### WHAT TO PRODUCE
The response should contain all of the data below, reproduced exactly, and no pictures.

### GIVEN MATERIAL
-.-.-
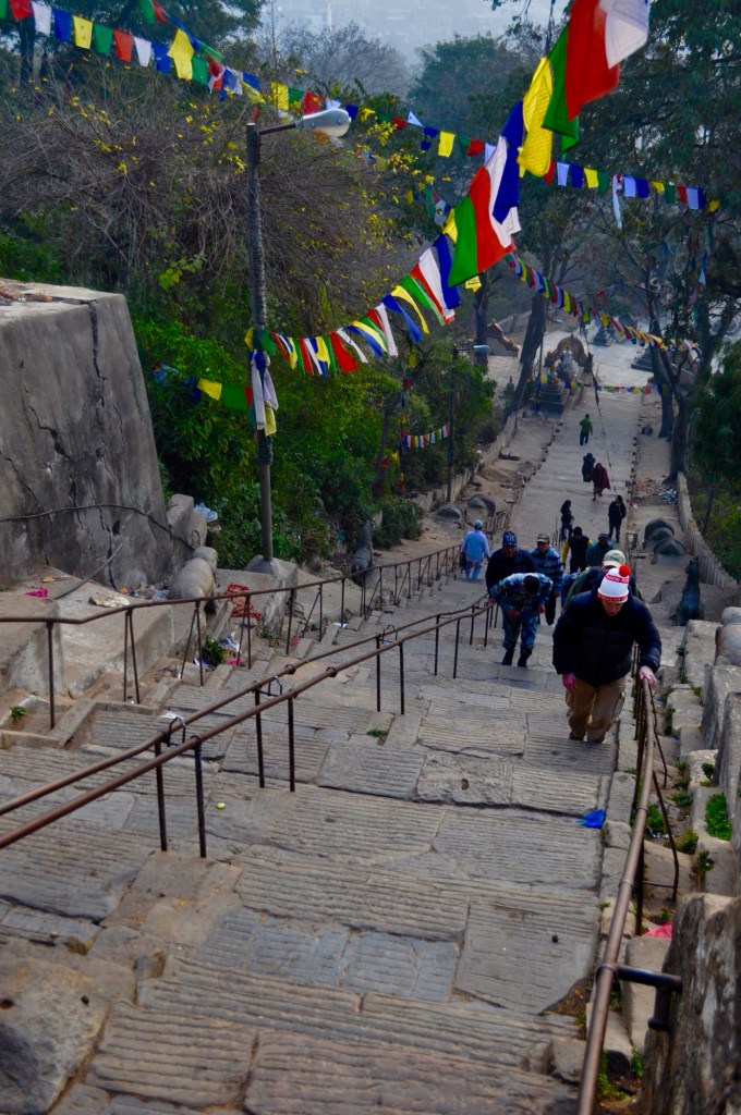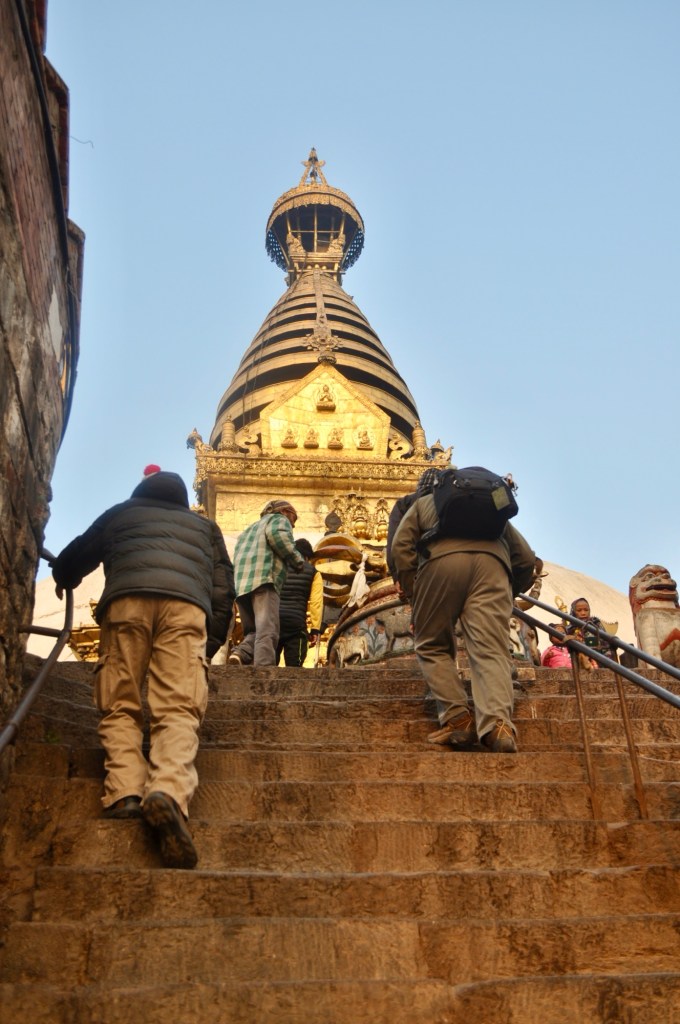 Each stage offers a different vantage and our task is to change and evolve. I am not the person who came here the last time, even less that person who came the first time. In that earlier stage, I wasn’t seeking in Nepal the meaning of life, and I wouldn’t have recognized it had it greeted me on the steps of Swyambunath, the Monkey Temple. Now I’m not looking for it because I know it’s not here. The wake up calls in my life have not come from any place in Kathmandu, dripping as it is in the wisdom of the ancients.
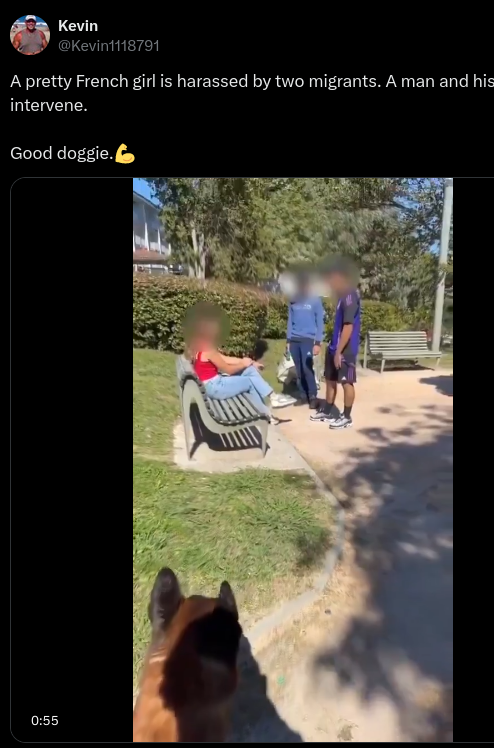 Did a man with a large Alsatian dog rescue a pretty French girl who was being harassed by two migrants? No, that's not true: Disclaimer hashtags...
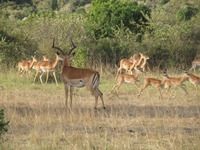 そうとうに公園の奥まで来たことになる。ボチボチ、ゲートへと戻る時間になったようだ。帰る途中でも、ダチョウを見ることができた。もちろん、ヌーやシマウマやインパラは、いたるところで見ることができた。
-.-.-
### THE ANSWER
 Each stage offers a different vantage and our task is to change and evolve. I am not the person who came here the last time, even less that person who came the first time. In that earlier stage, I wasn’t seeking in Nepal the meaning of life, and I wouldn’t have recognized it had it greeted me on the steps of Swyambunath, the Monkey Temple. Now I’m not looking for it because I know it’s not here. The wake up calls in my life have not come from any place in Kathmandu, dripping as it is in the wisdom of the ancients.
 Did a man with a large Alsatian dog rescue a pretty French girl who was being harassed by two migrants? No, that's not true: Disclaimer hashtags...
 そうとうに公園の奥まで来たことになる。ボチボチ、ゲートへと戻る時間になったようだ。帰る途中でも、ダチョウを見ることができた。もちろん、ヌーやシマウマやインパラは、いたるところで見ることができた。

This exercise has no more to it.